EXERCISE
The lines below, from the one holding "٨٢٥٠٤ - عن قتادة" through the final line, are to be copied exactly, with no other lines and no pictures.

* * * * *

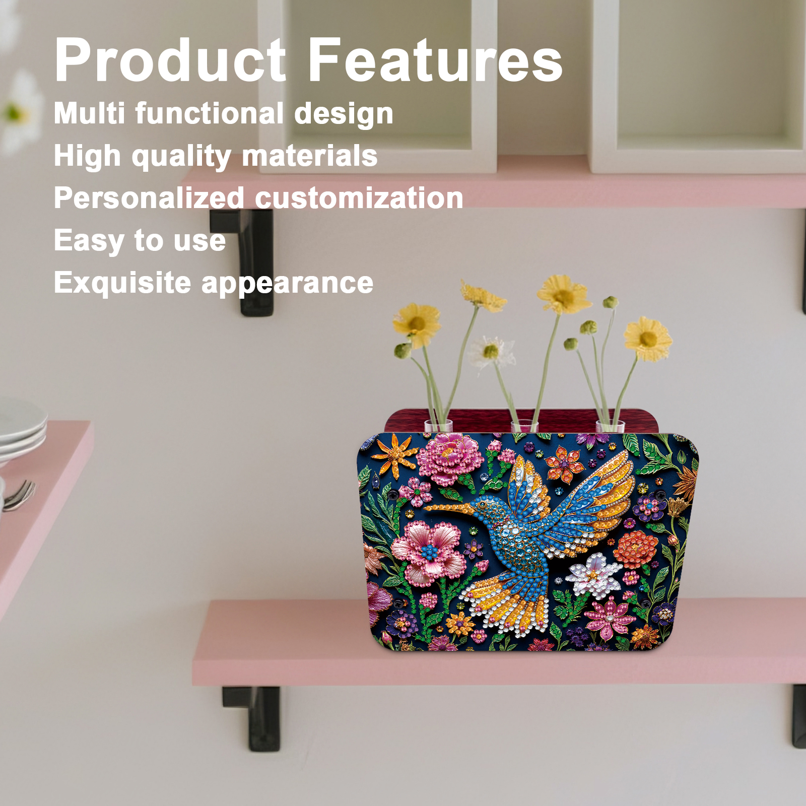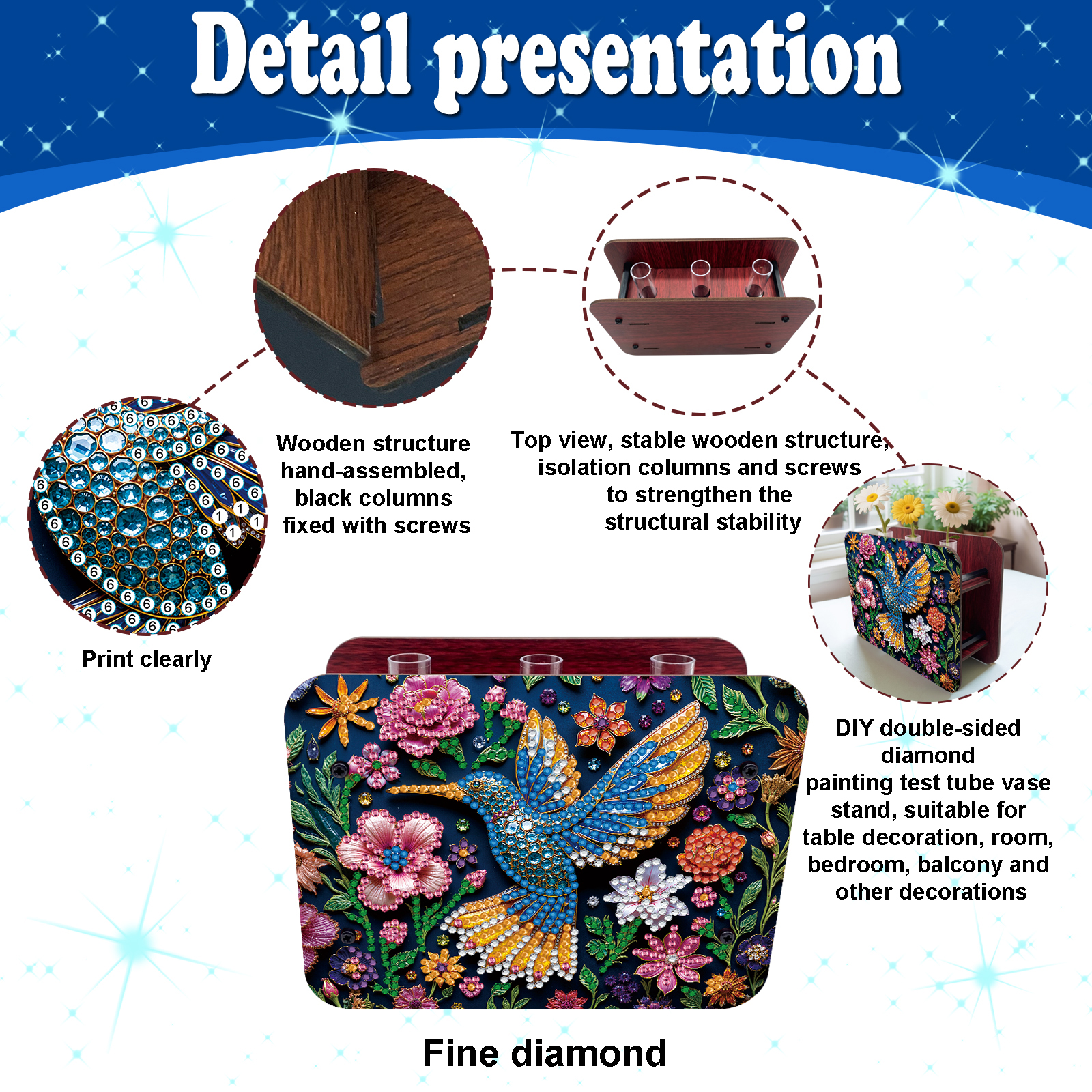 Hummingbird DIY Flower Vase Wooden Double Sided Desktop Diamond Art Kit Decor
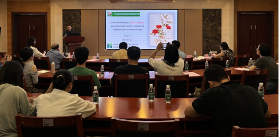 会上,马男教授作《月季乙烯敏感性的受体调节机制》报告,生动讲述了月季的起源与发展,深入、系统讲解了月季乙烯敏感性的受体调节机制。武志强研究员的《中国古老月季赤龙含珠基因组及性状解析》报告,从基因组的组装、注释和变异,月季的进化,花瓣形成的分子机制等方面进行了详细的阐述。胡丹研究员的报告以《真菌萜类天然产物的生物合成研究》为题,细致阐述了安麻吩金类抗生素等真菌萜类天然产物的生物合成途径与机制。参会人员积极提问并与报告人开展了热烈的交流和讨论。
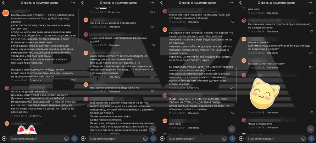 Драка и между девушками — четверокурсницей и юной первокурсницей — произошла 12 октября. Конфликт с топором стал кульминацией долгой перебранки в интернете: 17-летняя ученица первого курса обвинила другую в краже аккаунта.
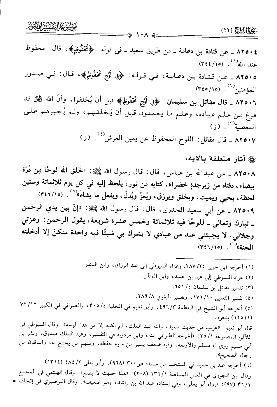 ٨٢٥٠٤ - عن قتادة بن دعامة -من طريق سعيد- في قوله: {مَحْفُوظٍ}، قال: محفوظ عند الله (¬١). (١٥/ ٣٤٤)
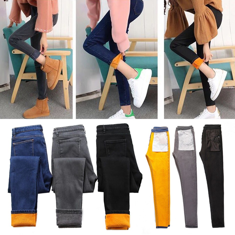 Pantalones de mezclilla elásticos forrados de vellón cálidos para mujer Leggings térmicos de invierno-
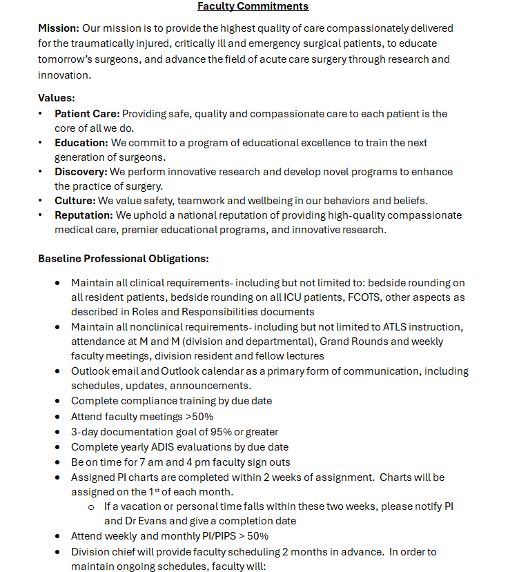 • Teamwork: Acute Care Surgery includes multiple service lines, each unique to their patient population and staff coverage.  In addition, we are one team with one mission- to offer the highest level of care to our patients.  We will support each other in any way needed to achieve our mission.
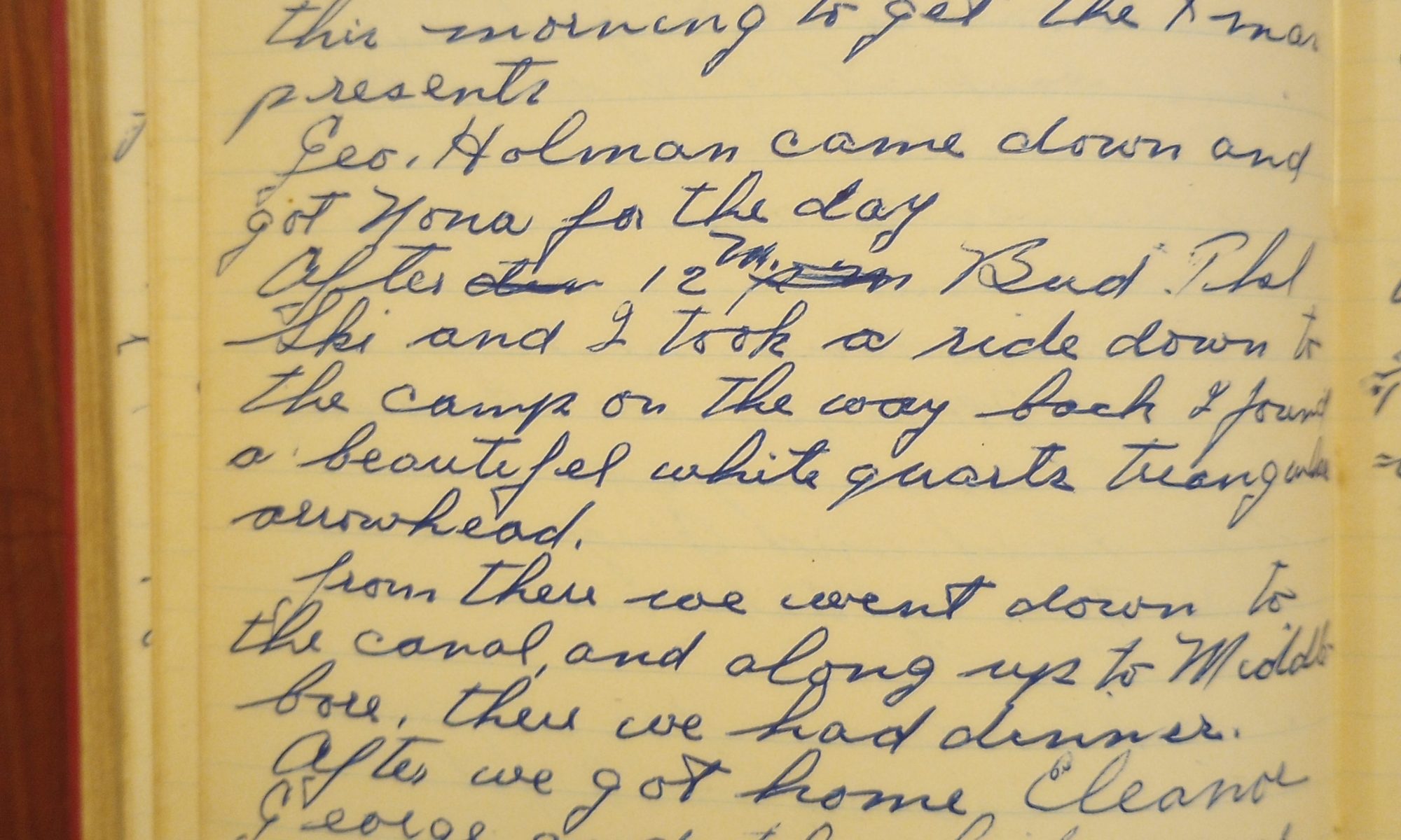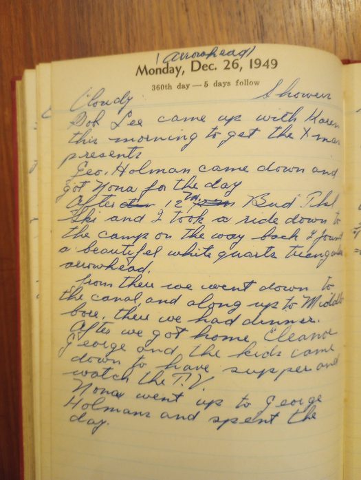 After 12PM Bud, Thel, Ski, and I took a ride down to the camp. On the way back I found a beautiful white quartz triangular arrowhead.

* * * * *

EXPECTED ANSWER
 ٨٢٥٠٤ - عن قتادة بن دعامة -من طريق سعيد- في قوله: {مَحْفُوظٍ}، قال: محفوظ عند الله (¬١). (١٥/ ٣٤٤)
 Pantalones de mezclilla elásticos forrados de vellón cálidos para mujer Leggings térmicos de invierno-
 • Teamwork: Acute Care Surgery includes multiple service lines, each unique to their patient population and staff coverage.  In addition, we are one team with one mission- to offer the highest level of care to our patients.  We will support each other in any way needed to achieve our mission.
 After 12PM Bud, Thel, Ski, and I took a ride down to the camp. On the way back I found a beautiful white quartz triangular arrowhead.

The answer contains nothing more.